Draw structural formulas for each of the following alcohols. Indicate whether the alcohol is primary, secondary, or tertiary. a. 1 -butanol c. 2 -methyl-1-butanol b. 2 -butanol d. 2-methyl-2-butanol

Short Answer

Expert verified
a. 1-butanol: CH3-CH2-CH2-CH2-OH (Primary) b. 2-butanol: CH3-CH(OH)-CH2-CH3 (Secondary) c. 2 -methyl-1-butanol: CH3-CH2-CH(CH3)-CH2-OH (Primary) d. 2-methyl-2-butanol: CH3-CH(OH)-CH(CH3)-CH3 (Tertiary)

Step by step solution

01

a. 1 -butanol

1-butanol is an alcohol with four carbon atoms. It has the molecular formula C4H9OH. The structure can be drawn as follows: CH3-CH2-CH2-CH2-OH 1-butanol is a primary alcohol because the hydroxyl group (OH) is attached to a carbon that is bonded to only one other carbon.
02

b. 2 -butanol

2-butanol is an alcohol with four carbon atoms.
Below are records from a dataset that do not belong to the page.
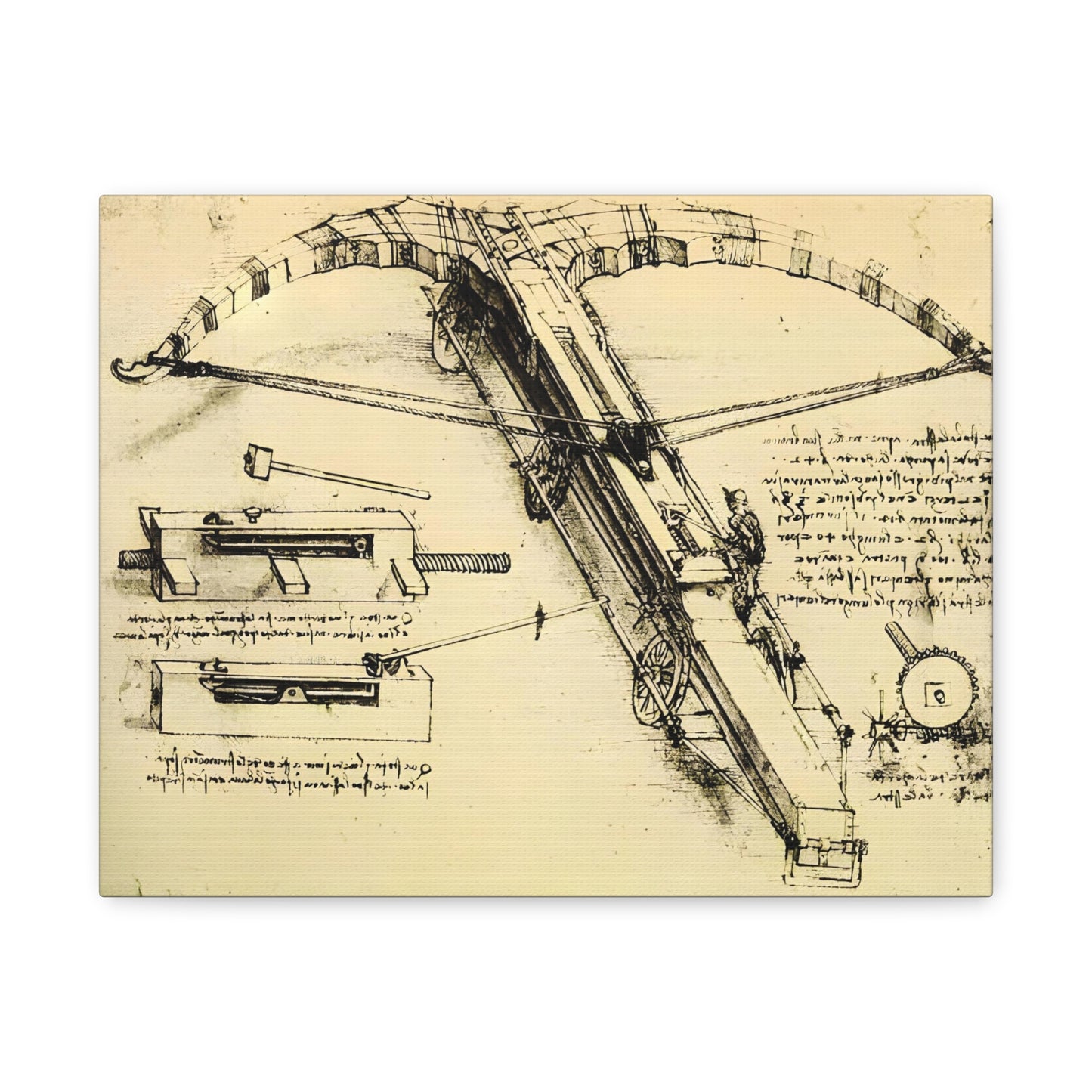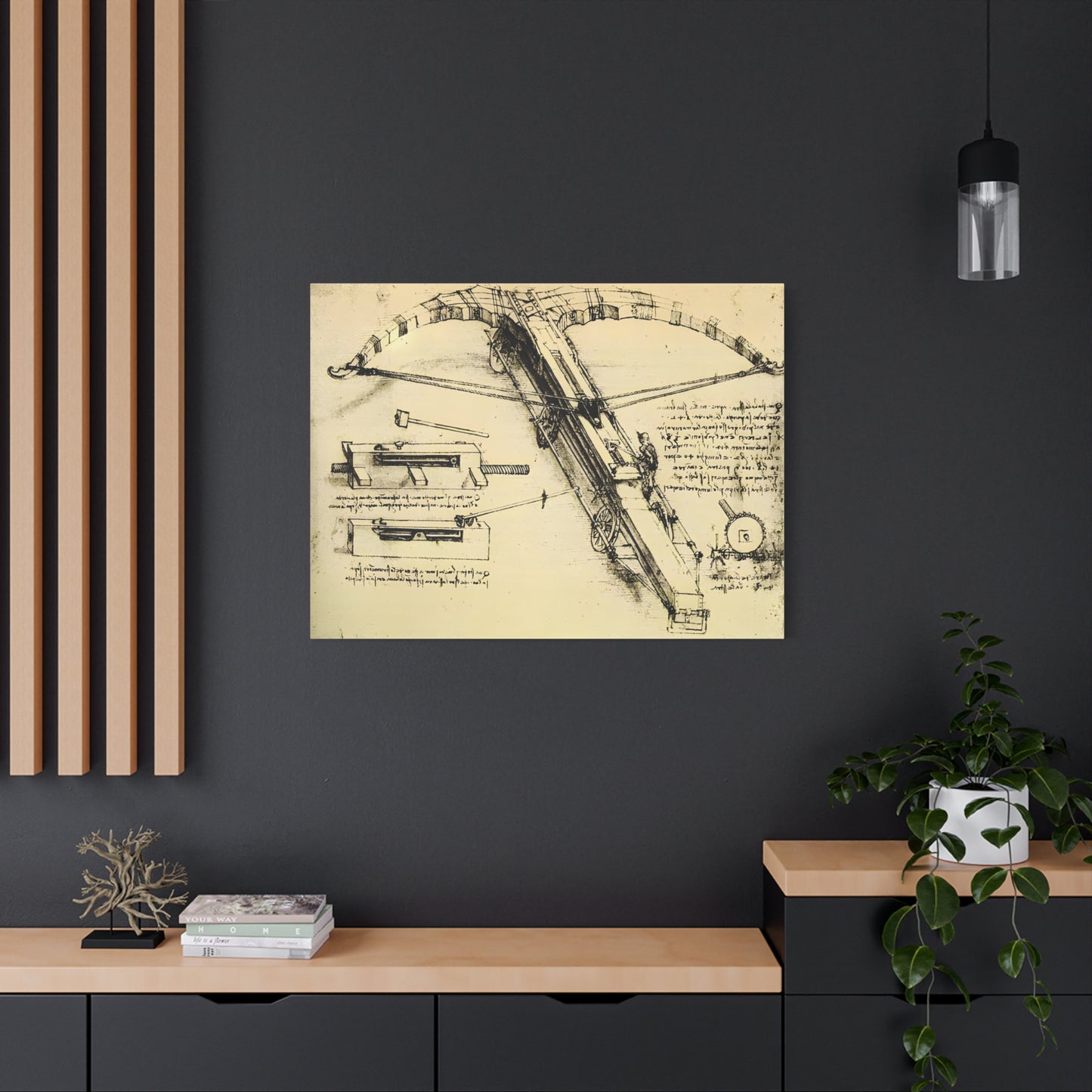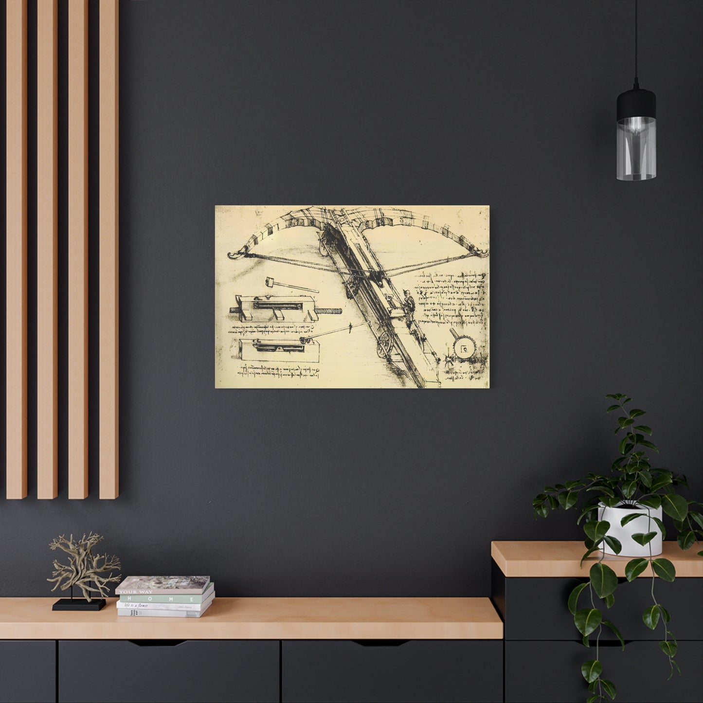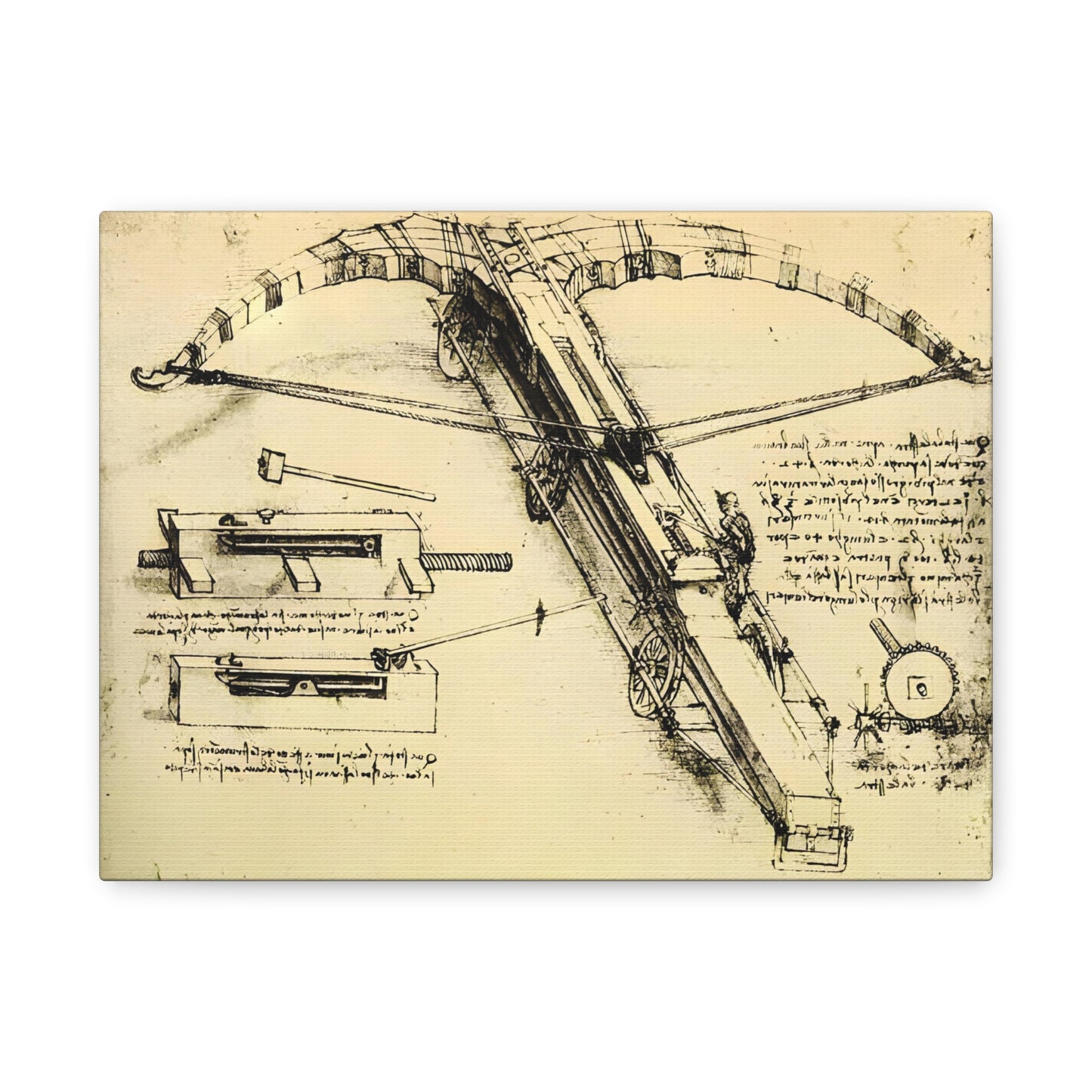 Transport yourself to the brilliant mind of Leonardo da Vinci with his visionary artwork, Design for a Giant Crossbow. Created in the late 15th century, this intriguing piece showcases da Vinci's inventive spirit and scientific curiosity. The meticulously detailed drawing depicts a revolutionary concept for a massive crossbow, highlighting da Vinci's genius as an engineer and innovator. Owning a canvas art replication of this extraordinary design allows you to bring the spirit of innovation and Renaissance ingenuity into your home. Immerse yourself in da Vinci's world of invention, and let this captivating artwork inspire your own creative endeavors. Experience the awe-inspiring brilliance of one of history's greatest minds and invite the spirit of innovation into your living space.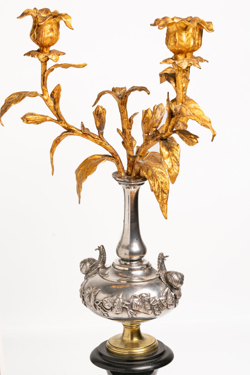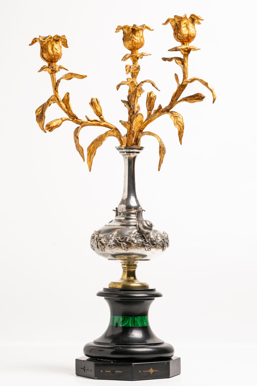 This exquisite early 19th century French candelabra is a masterful work of artistry. The piece is cast in black marble and gilt bronze with the exceptional silver plated design decorated with a pair of snails and ivy standing on an heavy octagonal black marble plinth. The top of the plinth has a mounted malachite decoration together with a small quadrangle design surrounding the bottom of the marble base.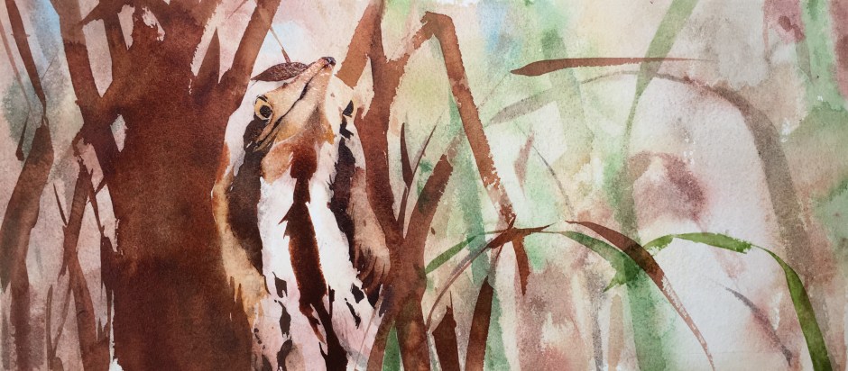 Finally I go back in to the reeds on the left with a deeper tone, using phthalo blue added to the italian burnt sienna. And finding some of the reed shapes with a bit of that old magic negative painting! My original painting now creates a receding backdrop.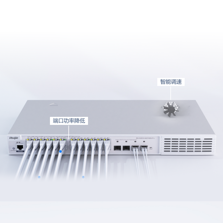 RG-S2910-L系列交换机充分响应国家绿色节能的号召,采用多种绿色节能的设计理念,针对传统交换机在噪音及能耗方面存在的问题进行深入研究探索,充分解决了交换机部署在办公环境噪声大、以及接入设备大批量部署后带来的能耗过大的问题。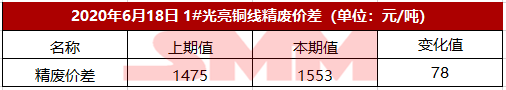 【SMM 数据】2020年6月18日1#光亮铜线精废价差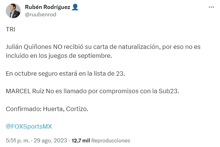 Resulta que nuestro compa de Fox Sports, Rubén Rodríguez reveló el verdadero motivo por el que Quiñones de plano no fue considerado por Jaime Lozano en esta lista que apenas dieron a conocer ayer.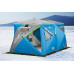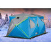 Внешний вид палатки выполнен в синем цвете с ярко-зелеными вставками-светоотражателями. Установка и демонтаж занимают менее двух минут благодаря уникальной «зонтичной» конструкции. Удлиненная форма (прямоугольная) позволяет разместить три-четыре раскладушки вдоль стен или 8 человек в сидячем положении. Для печи и снаряжения останется достаточно пространства.

It has a molecular formula C4H9OH. The structure can be drawn as follows: CH3-CH(OH)-CH2-CH3 2-butanol is a secondary alcohol because the hydroxyl group (OH) is attached to a carbon that is bonded to two other carbon atoms.
03

c. 2 -methyl-1-butanol

2-methyl-1-butanol is an alcohol with five carbon atoms. It has the molecular formula C5H12O. The structure can be drawn as follows: CH3-CH2-CH(CH3)-CH2-OH 2-methyl-1-butanol is a primary alcohol because the hydroxyl group (OH) is attached to a carbon that is bonded to only one other carbon atom.
04

d. 2-methyl-2-butanol

2-methyl-2-butanol is an alcohol with five carbon atoms. It has the molecular formula C5H12O. The structure can be drawn as follows: CH3-CH(OH)-CH(CH3)-CH3 2-methyl-2-butanol is a tertiary alcohol because the hydroxyl group (OH) is attached to a carbon that is bonded to three other carbon atoms.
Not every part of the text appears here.